For heterogeneous tabular data, scikit-learn provides two related composers.[16] `ColumnTransformer` applies different transformers to different columns and concatenates the results, useful when numeric features need scaling while categorical features need encoding.[17] `FeatureUnion` applies multiple transformers to the same input and concatenates their outputs, useful for combining different feature extraction strategies on the same column. Both compose with `Pipeline`. The helper `make_pipeline` constructs a `Pipeline` with auto-generated step names, and `make_column_transformer` does the same for `ColumnTransformer`.[16]

### TensorFlow Extended (TFX)

TensorFlow Extended (TFX) is an end-to-end platform from Google for deploying production ML pipelines.[18] A TFX pipeline is a directed sequence of components that pass artifacts (datasets, schemas, models, evaluations) between steps and record metadata in an ML Metadata store.[20]

Standard TFX components include:

| Component | Purpose |
|---|---|
| `ExampleGen` | Ingests data from sources such as CSV, TFRecord, BigQuery, or custom inputs and splits it into train and eval sets. |
| `StatisticsGen` | Computes feature statistics over each split using TensorFlow Data Validation (TFDV). |
| `SchemaGen` | Infers a schema describing expected feature types, ranges, and presence. |
| `ExampleValidator` | Detects anomalies and training/serving drift by comparing statistics to the schema. |
| `Transform` | Performs full-pass preprocessing using TensorFlow Transform (TFT), producing a graph that is reused at serving time to avoid [training-serving skew](/wiki/training-serving_skew). |
| `Trainer` | Trains a TensorFlow model with a user-supplied `run_fn`, optionally on accelerators or distributed clusters. |
| `Tuner` | Runs hyperparameter search via KerasTuner. |
| `Evaluator` | Computes sliced metrics with TensorFlow Model Analysis (TFMA) and decides whether the candidate model is good enough to be blessed. |
| `InfraValidator` | Loads the model in a sandboxed serving binary to confirm it can be served. |
| `Pusher` | Pushes blessed models to TensorFlow Serving, TFLite, or another deployment target. |
| `BulkInferrer` | Runs batch inference using a blessed model. |

TFX pipelines can be authored once and executed on multiple orchestrators including Apache Airflow, [Apache Beam](/wiki/mlops), Kubeflow Pipelines, and Vertex AI Pipelines, which allows local development on a workstation to be promoted to a managed cloud environment without rewriting the pipeline code.[19]

### Kubeflow Pipelines

Kubeflow Pipelines is a Kubernetes-native platform for building and running portable ML workflows.[21] Pipelines are defined in Python using the Kubeflow Pipelines SDK (KFP) and compiled into a static workflow specification that the controller executes by spinning up containers as Kubernetes pods.[21] Each component runs in its own container, which makes language-agnostic steps easy to mix and supports GPU-heavy workloads, parallel hyperparameter search, and large training jobs on shared clusters.

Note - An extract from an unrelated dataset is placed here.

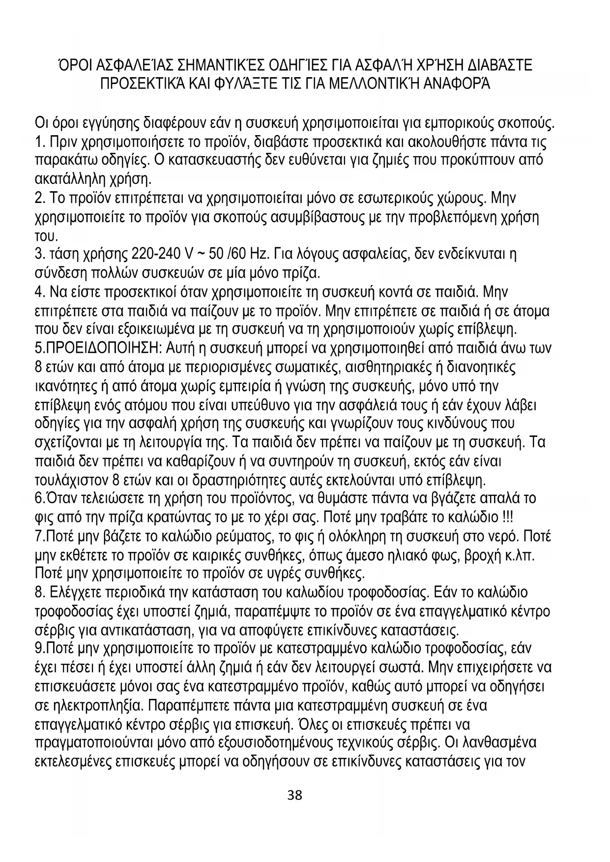 3. τάση χρήσης 220-240 V ~ 50 /60 Hz. Για λόγους ασφαλείας, δεν ενδείκνυται η

Kubeflow also includes Notebooks for in-cluster JupyterLab, Katib for hyperparameter and neural architecture search, and KServe for model serving. Vertex AI Pipelines on Google Cloud is a managed service that runs KFP-compatible pipelines without requiring users to operate their own Kubernetes cluster.

### MLflow

[MLflow](/wiki/mlflow), originally developed at Databricks, is an open-source platform for managing the ML lifecycle.[22] It is organized around four components: MLflow Tracking for logging parameters, metrics, and artifacts of each run; MLflow Projects for packaging code in a reproducible format; MLflow Models for a standard model packaging format with multiple flavors (sklearn, PyTorch, TensorFlow, ONNX, custom Python); and MLflow Model Registry for versioning and stage promotion (Staging, Production, Archived).[22] MLflow is often paired with Airflow as a tracking and registry layer in MLOps stacks.

### Apache Airflow

Apache Airflow is a general-purpose workflow orchestrator that defines pipelines as directed acyclic graphs (DAGs) in Python.[23] Although Airflow is not ML-specific, it is widely used in production data and ML stacks because it integrates with most data warehouses, supports rich scheduling, and has mature operators for cloud services.[23] ML teams often use Airflow to orchestrate retraining DAGs, with MLflow handling experiment tracking and a model registry.

### Other ML pipeline frameworks

There is a long tail of frameworks targeting ML workflow pipelining. They differ in scope, orchestration model, and how opinionated they are about MLOps practices.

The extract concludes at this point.